Statistics


Stat 311 Summer 2022 Quiz 1
1
Quiz 1 consists of three equally weighted problems, due uploaded to Gradescope by 11:30 PM PDT July
12th. Do not wait until the last minute to upload as no late quizzes will be allowed.
The quiz is written for about 1 hour and 45 minutes assuming you studied but you may complete the quiz
anytime during the open window (since there is so much supplementary material for Problems 1 and 2, I
decided to not have a timed quiz); just be sure to leave yourself time to upload your answers before the
deadline.
This quiz is open Stat 311 notes, textbook, homework and posted supplementary materials only. All
responses must be your own. Do not make be regret giving an untimed quiz—if I suspect that you
collaborated with other people or put down answers that match something you found on the internet, your
quiz score will be zero and I will file a report with the Student Conduct office. By uploading your quiz to
Gradescope, you are acknowledging that you adhered to the rules and academic conduct standards set by
the University of Washington.
Pay attention to sentence or word length requirements. We will not read more than the allowed limits.
Also, always keep context in mind and report units when applicable.
If you have questions about any of the questions, you may post a private message on Ed Discussion. Do
note that I can only guarantee responses during daytime hours on Monday and Tuesday. I will not answer
any questions after 5 PM PDT on Tuesday, July 12th.

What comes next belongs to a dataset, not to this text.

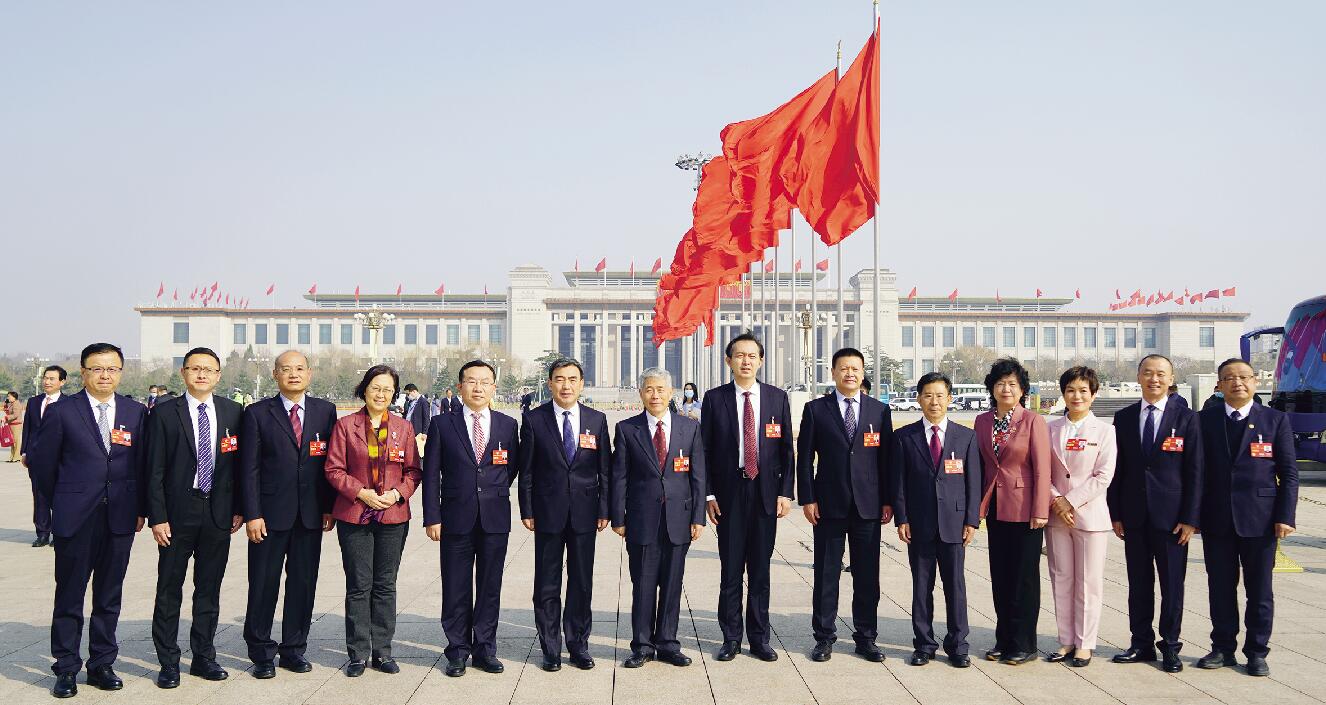 出席全国政协十四届一次会议的部分住宁全国政协委员在人民大会堂前合影 赵 军/摄

Problem 1 (10 points): Read the short UW News article for an overview of a study that showed that areas
with historical redlining were associated with more air pollution. Then look at the published journal article
that provides more details about the study. The news and journal articles can be found in the Quiz 1
assignment on Canvas. Use information in these articles to answer parts (a) – (g). Except for part (f), limit
your responses to at most two sentences.
a) Was this an experiment or observational study. Briefly explain. (0.5 point)
b) What is meant by the term redlining that is used in the two articles? (1 point)
c) What were the main sources of data for this study? (0.5 point)
d) Race and ethnicity were combined into which aggregate groups for this study? Include the HOLC
percentages of each group. (2 points)
e) What are the main two pollutants that were investigated in this study and why did they focus on just
these two? (1 point)
f) Figure 1 of the journal article shows population weighted distributions for both pollutants. Summarize
what you can glean from the top left plot [Unadjusted NO2 national aggregation]. Be sure to speak to
the HOLC grades and race/ethnicity. Limit your response to at most 150 words. (3 points)
g) Figure 2 in the journal article looks at the interaction between racial/ethnic groups and historical
redlining grades. What does the right plot (PM2.5 difference) tell you about the association between
these two variables? (2 points)
Stat 311 Summer 2022 Quiz 1
2
Problem 2 (10 points): Five measurements were taken on two species of fish from a single lake (?? = 35
Bream and ?? = 33 Perch). For this problem, fish weight is the response (??) and cross length, height and
diagonal width are predictors of fish weight. This problem does not require any coding; rather, we are
providing summary graphs, summary tables, and lm output in the supplementary handout,
Quiz1Problem2.pdf, posted in the Quiz 1 assignment on Canvas. Use the information in this handout to
answer parts (a) – (g).
a) Look at the density plot in the last row of Figure 2 and the histograms in Figure 6 of the supplementary
handout (pages 3 and 7) and describe the overall distribution of the observed sample widths. Also
compare the sample distributions for widths individually for Bream and Perch. Use no more than four
sentences. (1.5 points)
b) Look at Figure 2 (page 3) of the supplementary handout and interpret the overall joint relationship for
Weight on Width. Also comment on the relationship when considering species. [Hint: make clear,
specific observations regarding the relationships]. Use no more than three sentences. (1.5 point)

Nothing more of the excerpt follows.